According to Johann Bessler, his wheel would begin to turn as soon as the brake was released. This statement is supported by witnesses. But some people have suggested that Bessler stopped the wheel at a certain point so that the wheel would begin to spin as described because it was stopped at a point where its internal mechanisms were in an overbalancing position.
However it is reported that the visitors to the wheel were allowed to stop and start the wheel as often as they wished, and I 'm sure that someone would have commented on the fact that the wheel had to be stopped in a certain position for it to begin to rotate of its own accord - and without a push - if that was the case.
If this spontaneous start was only possible when the wheel was in a certain position, then that implies there were what I might call flat spots during each rotation. If the wheel was only out of balance on either side of these flat spots then the wheel would turn unevenly, but the witnesses all noted the extreme evenness of its rotation.
Also when the wheel was lifting the weight of 70 pounds from the castle yard to the roof, the flat spots would have become much more obvious. In an unloaded rotation the impetus from the overbalancing portion of each rotation would carry the wheel over the flat spots but when under load they would be emphasised and, I repeat, the very even running of the wheel was noted, I think we can believe what Bessler told us, and that is that the wheel started spontaneously.

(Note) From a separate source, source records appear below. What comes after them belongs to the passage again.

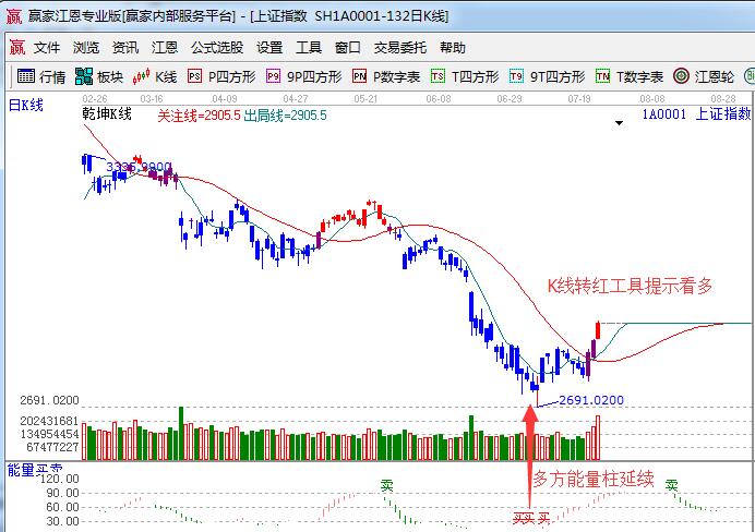 ★依據(jù)贏家江恩理論系統(tǒng)乾坤K線提示:20、23號藍(lán)色K線顏色轉(zhuǎn)紫,今日紫K線轉(zhuǎn)為紅色,按工具規(guī)則紅K波段看多。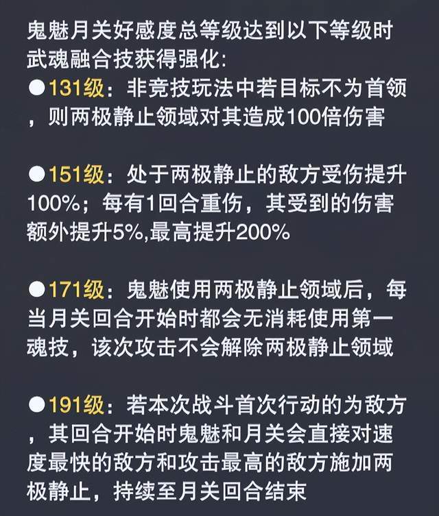 11级可对非竞技副本中的非首领目标造成100倍伤害12级可对两极静止中的敌方造成100%的增伤,且对方每有1回合【重伤】则可额外提升5%受伤,最高200%,联系到初始的100%就是合计最高300%的受伤提升13级可提供在鬼魅主导使用武魂融合技后,月关回合开始时他都会无消耗使用1技能来对敌方进行攻击,且该次技能使用并不会打断【两极静止领域】14级可提供战斗中若敌方抢到先手,则其回合开始时菊鬼会对敌方速度最快和攻击最高的两位敌人施加【两极静止】,这个效果持续到月关回合结束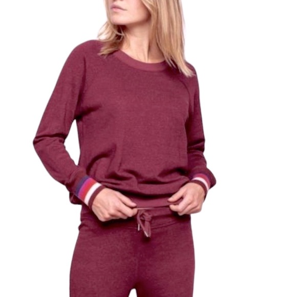 SUNDRY BURGUNDY STRIPED CUFF SWEATER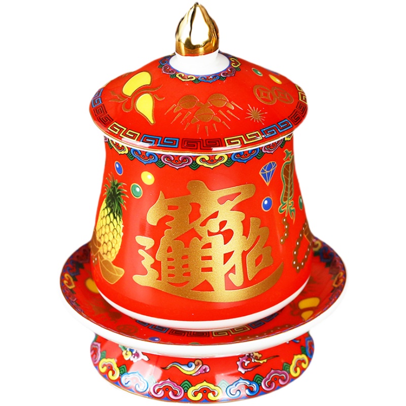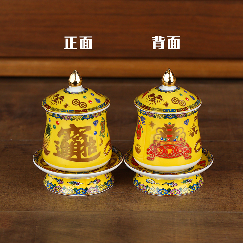 招财进宝供杯陶瓷供水杯文武财神关E公贡杯珐琅彩黄红色神台供茶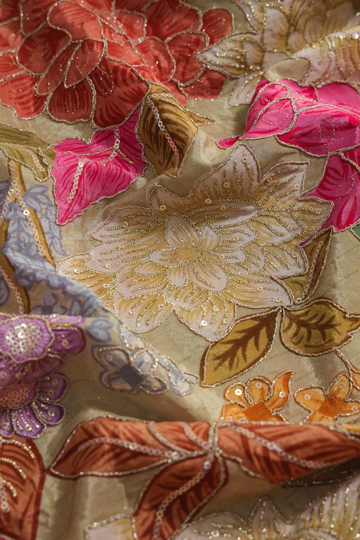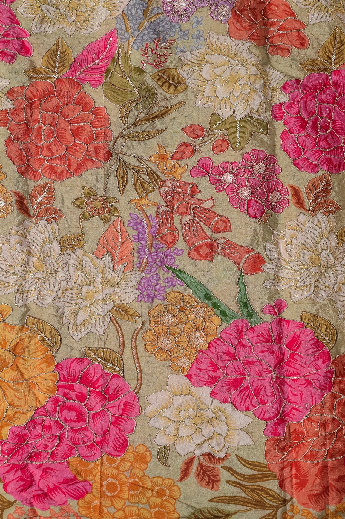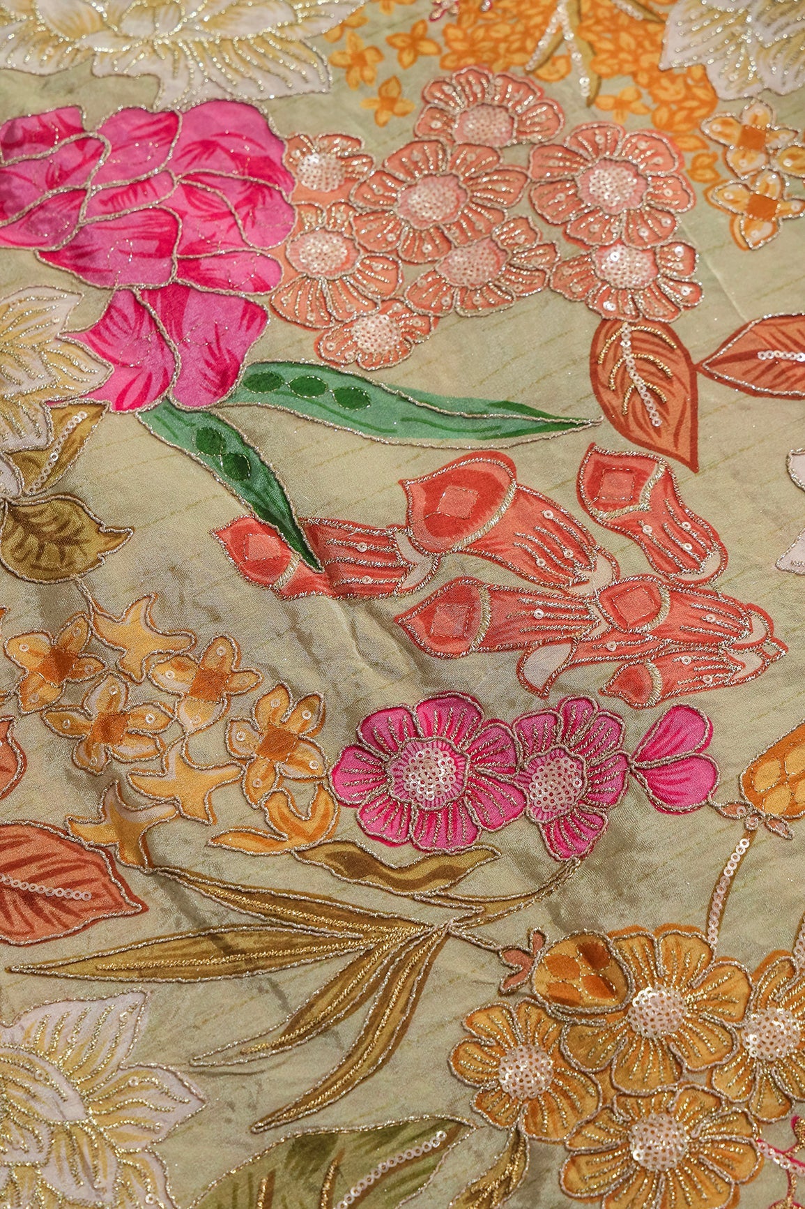 Zari with Sequins Floral Positional Print On  Pastel Olive Pure Crepe Fabric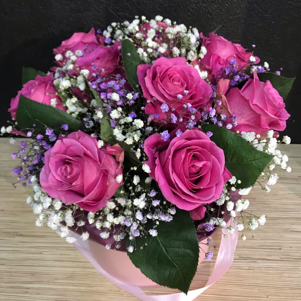 Роза 50 см – 9 шт.Гипсофила – 2 шт.Тишью – 1 шт.Коробка шляпная – 1 шт.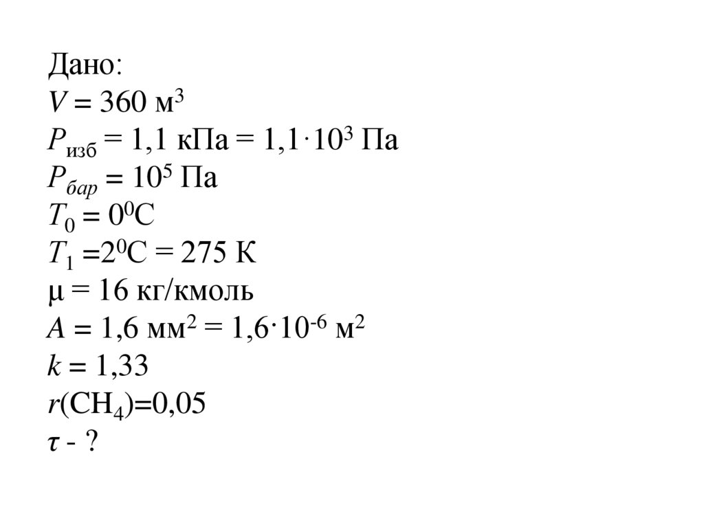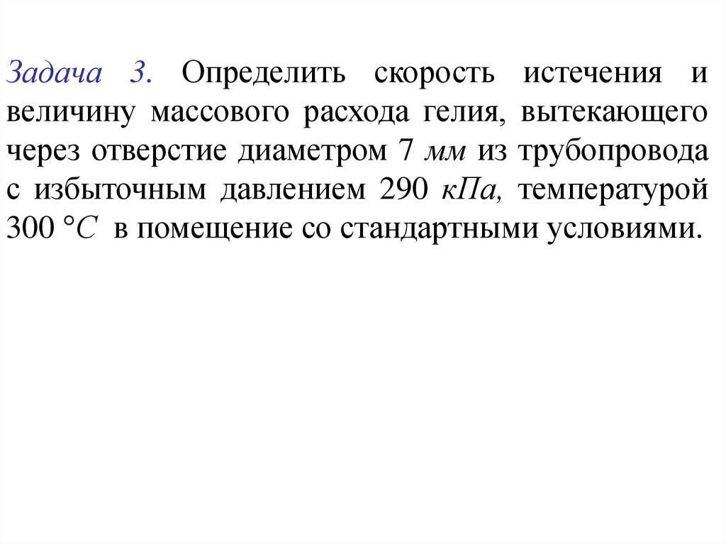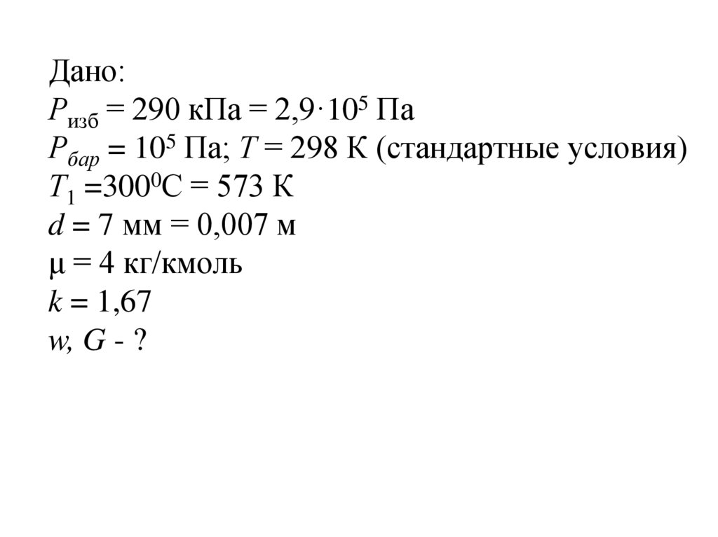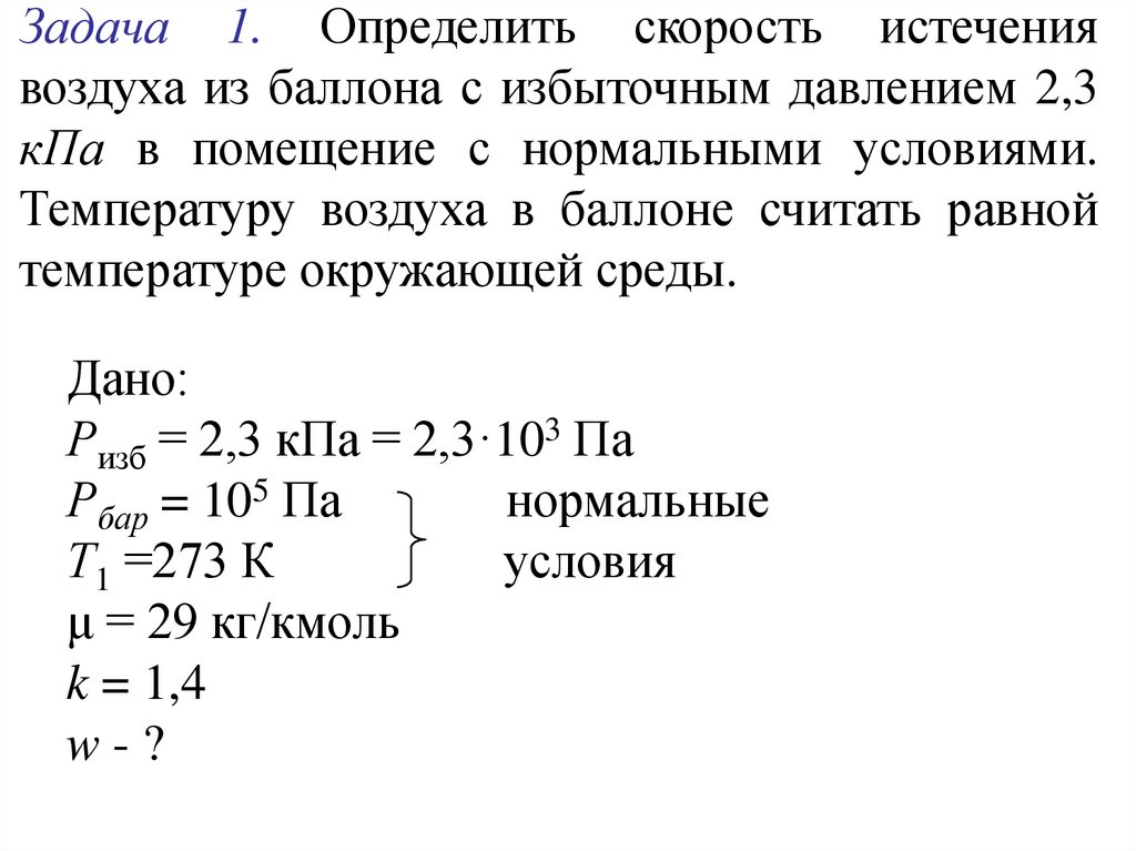 Задача 1. Определить скорость истечениявоздуха из баллона с избыточным давлением 2,3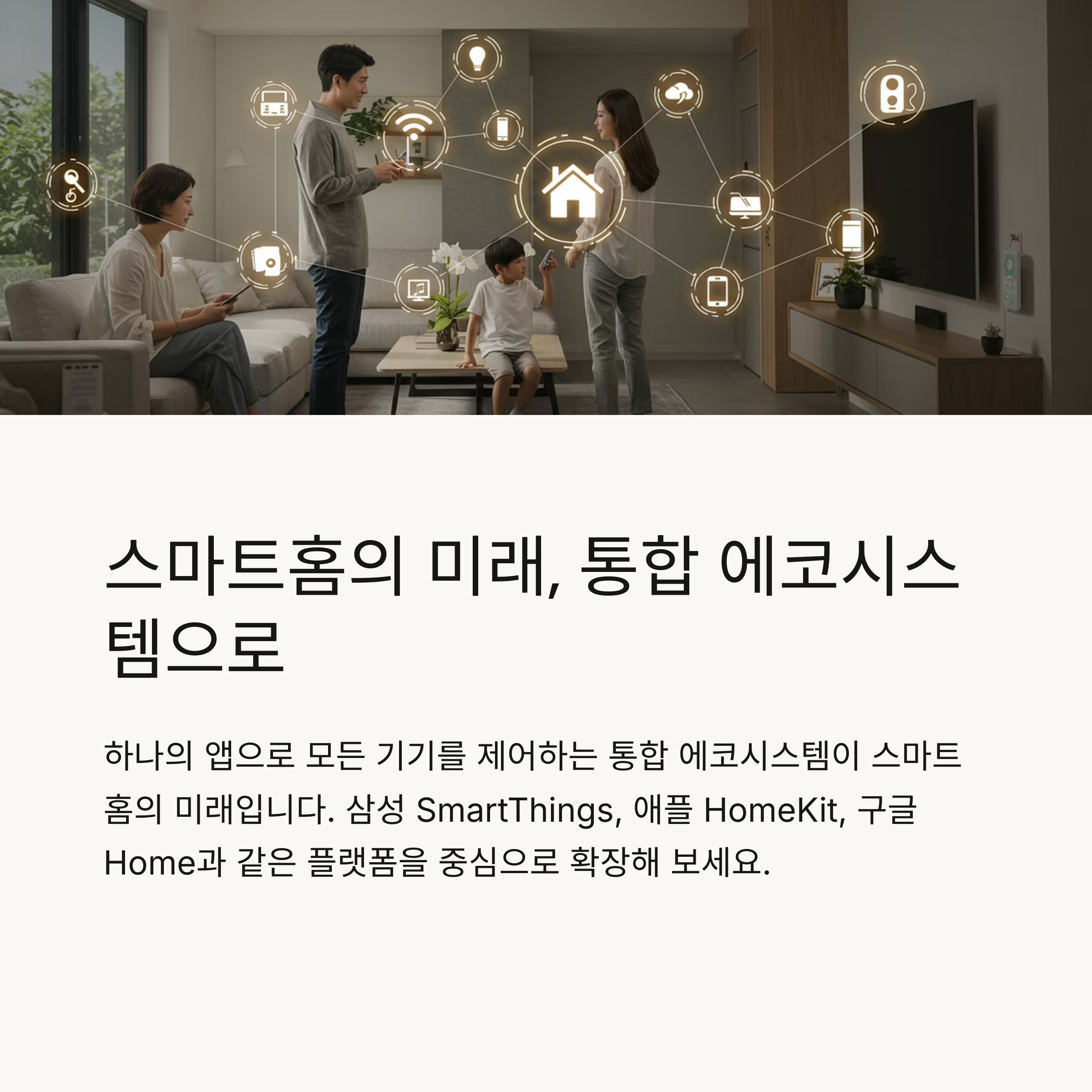 | 삼성 스마트싱스 | 안정된 플랫폼, 가전과의 연동 최적 | 냉장고, 전등, 에어컨 |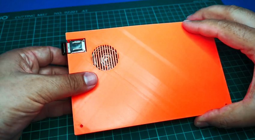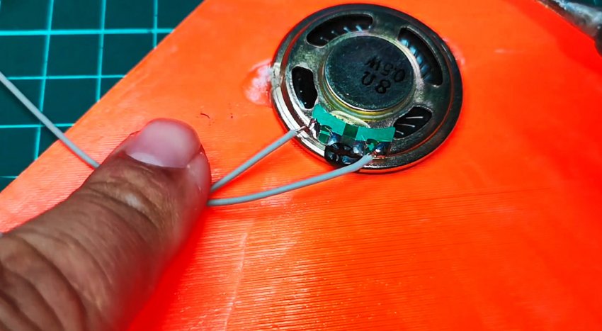 Выход с усилителя подключим к динамической головке, которая заранее приклеена на заднюю крышку.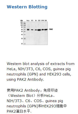 PAK2 Antibody detects endogenous levels of total PAK2 protein. This antibody does not cross-react with PAK1, PAK3 or PAK4-6.

If a state of permanent imbalance existed in the first two wheels then the latter two wheels, capable of being rotated in either direction, would, with mirror image mechanisms, remain in a state of balance until manually started. This implies that rotation was generated by the movement of the weights, and the alternative mirrored set of mechanisms moving in reverse, might add a braking effect but not cancel the overbalancing caused by the forward moving set. So there were two effects present.
In the one way wheels, there was the initial overbalancing and secondly there was the result of rotation which repeated the overbalancing which had been present initially. In the two way wheels with the overbalancing not present initially, the mechanisms required to be in motion before they could begin to overbalance the wheel. The mirror image mechanisms would not achieve overbalance even when moving in reverse, but they did remove the permanent overbalance present in the one way wheels.
I think it is possible that with fewer mechanism the wheel might have experienced flat spots during rotation but we won't know for sure until some one builds one.